» EXERCISE:
In the data below, find every line with the string "features" and pull it out.

══════

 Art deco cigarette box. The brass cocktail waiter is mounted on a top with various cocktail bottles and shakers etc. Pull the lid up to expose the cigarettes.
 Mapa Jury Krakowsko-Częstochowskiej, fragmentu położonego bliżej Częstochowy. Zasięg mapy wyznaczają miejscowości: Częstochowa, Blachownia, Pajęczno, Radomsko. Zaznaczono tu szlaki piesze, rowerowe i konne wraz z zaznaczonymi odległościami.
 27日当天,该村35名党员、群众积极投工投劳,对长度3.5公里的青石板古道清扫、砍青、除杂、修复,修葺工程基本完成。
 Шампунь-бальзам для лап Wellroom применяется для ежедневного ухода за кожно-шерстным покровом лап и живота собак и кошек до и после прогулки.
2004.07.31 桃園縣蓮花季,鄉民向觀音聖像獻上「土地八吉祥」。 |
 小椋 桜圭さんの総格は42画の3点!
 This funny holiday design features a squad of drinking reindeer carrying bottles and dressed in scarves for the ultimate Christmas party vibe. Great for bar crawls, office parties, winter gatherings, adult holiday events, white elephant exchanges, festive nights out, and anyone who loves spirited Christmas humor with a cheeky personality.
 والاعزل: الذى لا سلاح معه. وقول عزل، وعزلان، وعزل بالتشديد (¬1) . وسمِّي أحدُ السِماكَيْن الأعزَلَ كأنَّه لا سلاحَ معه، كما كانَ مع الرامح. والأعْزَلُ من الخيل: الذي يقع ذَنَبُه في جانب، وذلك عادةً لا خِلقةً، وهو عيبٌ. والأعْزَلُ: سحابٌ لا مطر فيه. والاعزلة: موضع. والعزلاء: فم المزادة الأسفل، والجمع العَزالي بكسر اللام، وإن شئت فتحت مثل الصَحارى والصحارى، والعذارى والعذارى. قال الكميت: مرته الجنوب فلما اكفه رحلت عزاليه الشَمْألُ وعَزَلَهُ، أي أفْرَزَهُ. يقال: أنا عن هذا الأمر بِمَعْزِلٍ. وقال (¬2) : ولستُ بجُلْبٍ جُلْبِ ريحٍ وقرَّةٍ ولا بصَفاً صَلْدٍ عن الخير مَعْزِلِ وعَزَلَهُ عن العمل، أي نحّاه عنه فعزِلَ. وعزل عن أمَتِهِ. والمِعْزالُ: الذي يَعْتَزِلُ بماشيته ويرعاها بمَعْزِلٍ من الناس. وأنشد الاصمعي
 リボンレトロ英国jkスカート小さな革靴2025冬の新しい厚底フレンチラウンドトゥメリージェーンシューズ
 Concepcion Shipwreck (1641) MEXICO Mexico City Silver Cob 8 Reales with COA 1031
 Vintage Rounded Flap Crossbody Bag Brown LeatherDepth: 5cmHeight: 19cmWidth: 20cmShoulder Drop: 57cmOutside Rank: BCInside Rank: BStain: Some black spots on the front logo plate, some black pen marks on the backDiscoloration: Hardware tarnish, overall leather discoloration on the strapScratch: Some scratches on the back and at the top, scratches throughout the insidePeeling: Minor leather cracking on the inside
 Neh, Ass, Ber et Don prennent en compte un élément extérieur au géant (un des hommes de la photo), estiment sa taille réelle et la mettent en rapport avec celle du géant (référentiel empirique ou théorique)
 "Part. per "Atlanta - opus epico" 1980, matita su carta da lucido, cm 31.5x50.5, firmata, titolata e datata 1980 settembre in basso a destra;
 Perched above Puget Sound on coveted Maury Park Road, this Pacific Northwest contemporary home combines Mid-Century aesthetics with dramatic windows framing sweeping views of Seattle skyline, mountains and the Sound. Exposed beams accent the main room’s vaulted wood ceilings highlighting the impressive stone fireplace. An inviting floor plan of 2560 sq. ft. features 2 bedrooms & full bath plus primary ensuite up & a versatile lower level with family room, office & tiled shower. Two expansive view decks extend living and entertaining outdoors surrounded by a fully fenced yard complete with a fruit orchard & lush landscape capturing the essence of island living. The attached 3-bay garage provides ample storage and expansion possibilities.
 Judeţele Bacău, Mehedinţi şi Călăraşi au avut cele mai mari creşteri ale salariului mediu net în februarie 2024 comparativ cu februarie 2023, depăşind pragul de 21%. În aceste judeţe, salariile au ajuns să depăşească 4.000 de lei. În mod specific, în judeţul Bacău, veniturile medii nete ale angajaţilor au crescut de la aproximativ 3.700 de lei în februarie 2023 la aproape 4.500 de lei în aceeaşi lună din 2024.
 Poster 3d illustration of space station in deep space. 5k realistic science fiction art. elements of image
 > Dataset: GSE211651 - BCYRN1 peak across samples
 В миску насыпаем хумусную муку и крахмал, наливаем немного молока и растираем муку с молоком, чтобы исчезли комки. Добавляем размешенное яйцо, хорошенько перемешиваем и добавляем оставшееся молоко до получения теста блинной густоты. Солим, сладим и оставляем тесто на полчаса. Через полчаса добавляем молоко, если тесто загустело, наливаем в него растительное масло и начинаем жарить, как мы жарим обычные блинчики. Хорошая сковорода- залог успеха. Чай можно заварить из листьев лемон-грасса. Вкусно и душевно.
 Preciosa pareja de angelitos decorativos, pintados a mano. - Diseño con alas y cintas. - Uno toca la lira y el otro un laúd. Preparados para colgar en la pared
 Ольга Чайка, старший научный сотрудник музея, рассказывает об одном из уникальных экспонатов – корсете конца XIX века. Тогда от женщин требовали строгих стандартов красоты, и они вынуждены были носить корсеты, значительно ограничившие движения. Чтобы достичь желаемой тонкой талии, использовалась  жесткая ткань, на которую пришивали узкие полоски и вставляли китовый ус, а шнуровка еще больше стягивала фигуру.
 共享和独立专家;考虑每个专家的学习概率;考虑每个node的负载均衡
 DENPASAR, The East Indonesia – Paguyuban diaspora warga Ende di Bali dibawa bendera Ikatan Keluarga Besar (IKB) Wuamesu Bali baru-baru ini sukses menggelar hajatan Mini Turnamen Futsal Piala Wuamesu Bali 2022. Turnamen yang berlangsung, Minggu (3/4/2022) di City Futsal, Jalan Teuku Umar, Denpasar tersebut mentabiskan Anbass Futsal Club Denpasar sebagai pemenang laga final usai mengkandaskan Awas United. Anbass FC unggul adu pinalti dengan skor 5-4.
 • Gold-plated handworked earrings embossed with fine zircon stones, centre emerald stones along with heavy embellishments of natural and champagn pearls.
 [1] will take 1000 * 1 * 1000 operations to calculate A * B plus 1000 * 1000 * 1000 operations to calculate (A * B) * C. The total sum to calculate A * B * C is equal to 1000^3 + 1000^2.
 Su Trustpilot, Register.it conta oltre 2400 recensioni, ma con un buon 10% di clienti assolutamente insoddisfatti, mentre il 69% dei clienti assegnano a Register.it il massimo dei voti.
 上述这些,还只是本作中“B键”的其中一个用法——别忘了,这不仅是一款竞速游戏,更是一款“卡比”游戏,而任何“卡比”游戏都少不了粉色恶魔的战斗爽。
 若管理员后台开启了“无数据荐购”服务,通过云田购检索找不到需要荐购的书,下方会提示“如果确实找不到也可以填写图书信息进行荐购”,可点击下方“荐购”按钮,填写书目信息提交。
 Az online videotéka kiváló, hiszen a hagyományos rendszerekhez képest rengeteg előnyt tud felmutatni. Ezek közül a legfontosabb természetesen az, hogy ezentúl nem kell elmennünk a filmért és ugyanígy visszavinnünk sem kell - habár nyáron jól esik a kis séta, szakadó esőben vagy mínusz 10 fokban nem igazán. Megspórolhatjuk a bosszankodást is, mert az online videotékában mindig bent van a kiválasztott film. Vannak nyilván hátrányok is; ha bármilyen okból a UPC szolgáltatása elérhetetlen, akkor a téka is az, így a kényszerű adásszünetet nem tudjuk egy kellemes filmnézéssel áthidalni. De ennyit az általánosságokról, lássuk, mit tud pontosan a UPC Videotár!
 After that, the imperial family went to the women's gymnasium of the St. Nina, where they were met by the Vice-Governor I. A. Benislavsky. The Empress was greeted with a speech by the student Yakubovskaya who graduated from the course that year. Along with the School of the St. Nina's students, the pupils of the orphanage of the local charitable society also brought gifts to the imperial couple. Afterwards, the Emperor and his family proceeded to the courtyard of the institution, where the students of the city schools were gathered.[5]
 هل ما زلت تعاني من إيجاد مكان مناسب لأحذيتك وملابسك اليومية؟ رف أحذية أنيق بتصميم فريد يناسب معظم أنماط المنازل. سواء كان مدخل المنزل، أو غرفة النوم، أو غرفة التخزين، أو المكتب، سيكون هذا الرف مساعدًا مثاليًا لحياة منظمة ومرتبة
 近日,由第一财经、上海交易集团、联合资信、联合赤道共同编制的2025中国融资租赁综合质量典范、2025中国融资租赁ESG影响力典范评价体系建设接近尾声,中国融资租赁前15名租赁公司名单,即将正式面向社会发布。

══════

» TASK ANSWER:
 This funny holiday design features a squad of drinking reindeer carrying bottles and dressed in scarves for the ultimate Christmas party vibe. Great for bar crawls, office parties, winter gatherings, adult holiday events, white elephant exchanges, festive nights out, and anyone who loves spirited Christmas humor with a cheeky personality.
 Perched above Puget Sound on coveted Maury Park Road, this Pacific Northwest contemporary home combines Mid-Century aesthetics with dramatic windows framing sweeping views of Seattle skyline, mountains and the Sound. Exposed beams accent the main room’s vaulted wood ceilings highlighting the impressive stone fireplace. An inviting floor plan of 2560 sq. ft. features 2 bedrooms & full bath plus primary ensuite up & a versatile lower level with family room, office & tiled shower. Two expansive view decks extend living and entertaining outdoors surrounded by a fully fenced yard complete with a fruit orchard & lush landscape capturing the essence of island living. The attached 3-bay garage provides ample storage and expansion possibilities.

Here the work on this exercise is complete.